INGREDIENTS : (makes 6 Schnitzel cutlets)
- 2 full size Chicken Breasts, OR, 6 thin cut Chicken Breasts
- 2-3 Eggs, whisked together in a bowl
- 1 cup All Purpose Flour
- 1 TB (Tablespoon) Onion Powder
- 1 TB Garlic Powder
- 1 tsp (teaspoon) Salt
- 1 tsp Pepper
- 1 tsp Paprika
- 1-2 cups Panko Breadcrumbs or Breadcrumbs of choice
- Oil for frying
STEPS :
- Prep your ingredients. Season your flour with salt, pepper, onion powder, garlic powder and paprika. Set aside. In a bowl, mix together your eggs. In a third separate plate, bowl or tray, add your breadcrumbs. You can season your breadcrumbs with the same seasonings, in the same quantities, as your seasoned flour.
- Either purchase pre-sliced thin chicken breasts OR cut regular sized breasts into 3 thin slices each. Use a meat tenderizer or rolling pin to pound each meat slice very thin. Be careful not to over beat your meat, 😉 , otherwise it will break apart when you’re breading it. Begin heating your oil up in your pan over medium to medium-high heat.
- Coat your thin meat slice in seasoned flour, then dip into your egg mixture, then lay on your breadcrumbs and coat both sides. Lay directly into your warmed up oil and pan fry until golden. This typically takes 3-4 minutes per side. Remove from oil and set on paper towels to drain excess oil, or just put on a plate!
- Repeat the steps until all of your meat is cooked. If you run out of breadcrumbs, do a double dip in the flour. This means you will coat your bare thin meat slice in flour, then dip into your egg mixture and then back into your seasoned flour. Enjoy!

Prep your ingredients. Season your flour with salt, pepper, onion powder, garlic powder and paprika. Set aside. Have a separate plate, bowl or tray with your breadcrumbs as well. Season your breadcrumbs if you wish as well.

In a bowl, mix together your eggs. This will act as your glue in between breading stations.

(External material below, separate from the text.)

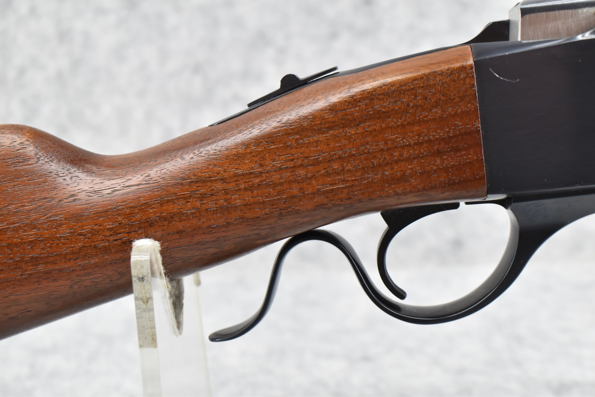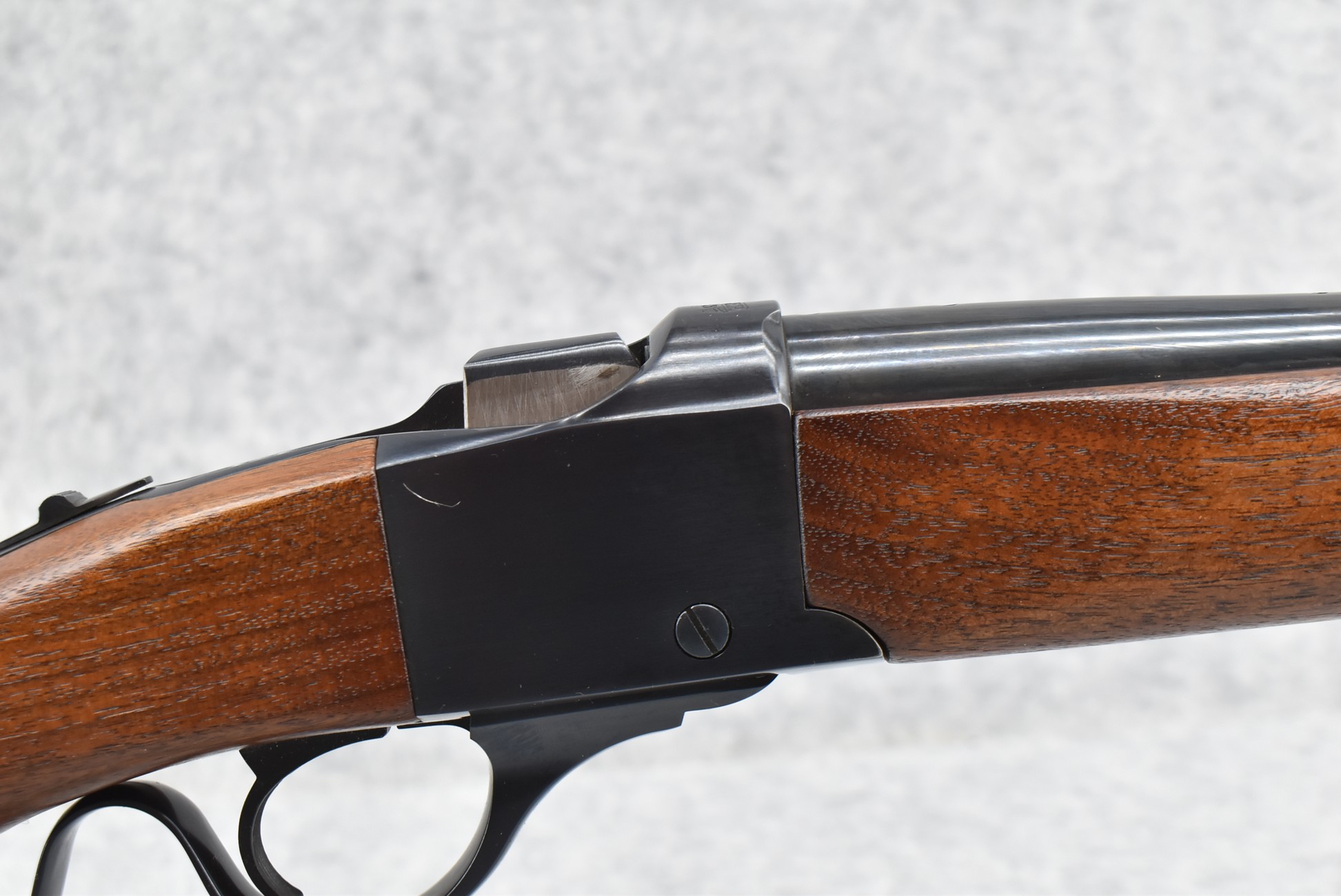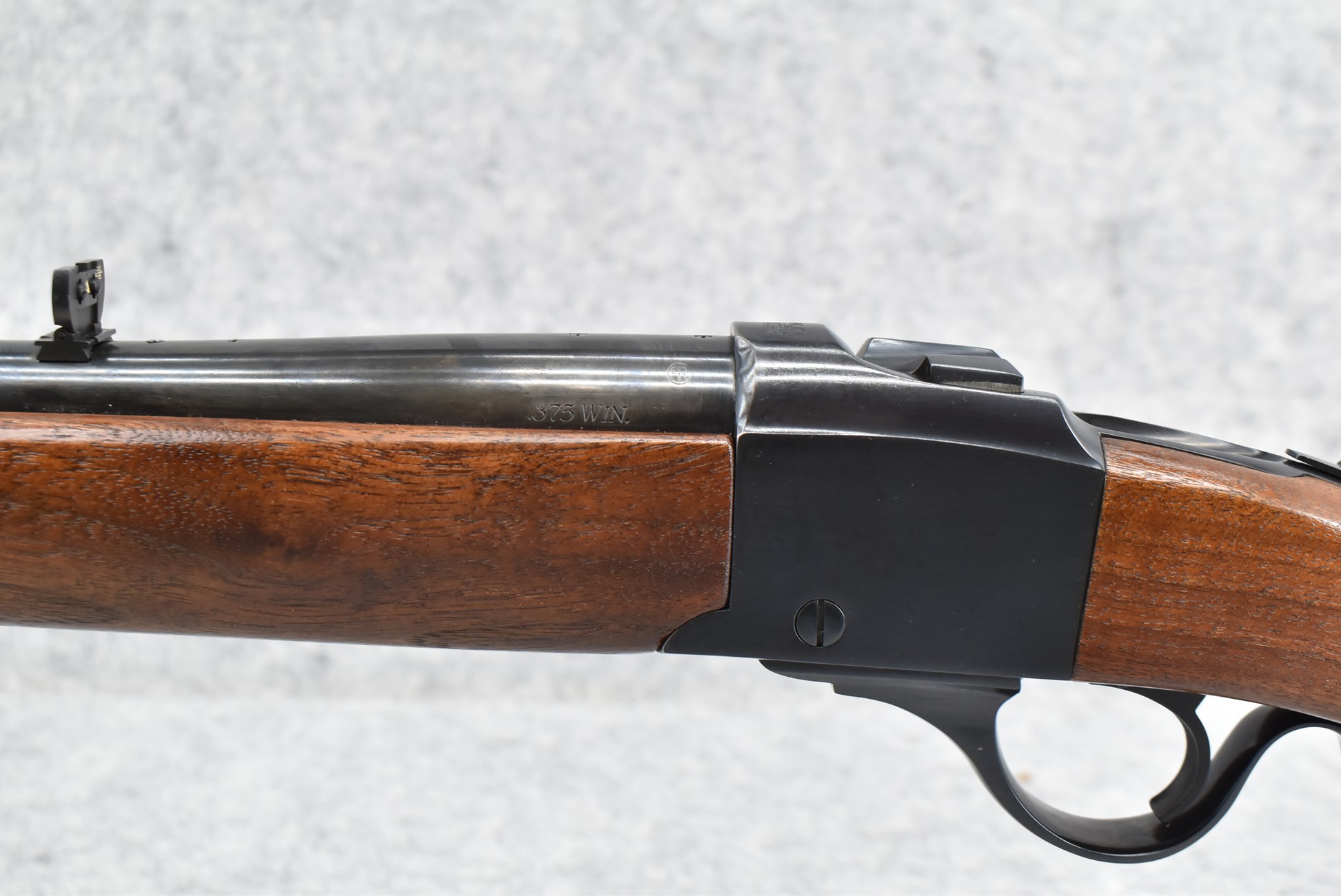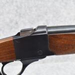 56R. Ruger – Mod. No. 3 – 375 Win. Cal. Falling Block Rifle – w/22” Barrel w/Blade Front and Flip-Up Adjustable Rear Notch Sights – Blued Finish – w/Straight Grip Wood Stock w/Factory Butt Plate

Purchase pre-sliced thin chicken breasts OR slice full size chicken breasts into 3 thin slices. Then using a meat tenderizer of choice, or a rolling pin, beat your meat into very thin slices. Heat your oil up to medium or medium-high heat.

Coat your thin meat slices in your seasoned flour, then dip into your egg mixture, then coat in your breadcrumbs.

Once coated, lay in your warmed up oil and cook for 3-4 minutes per side, or until golden brown.

Once golden browned, lay on plate and enjoy!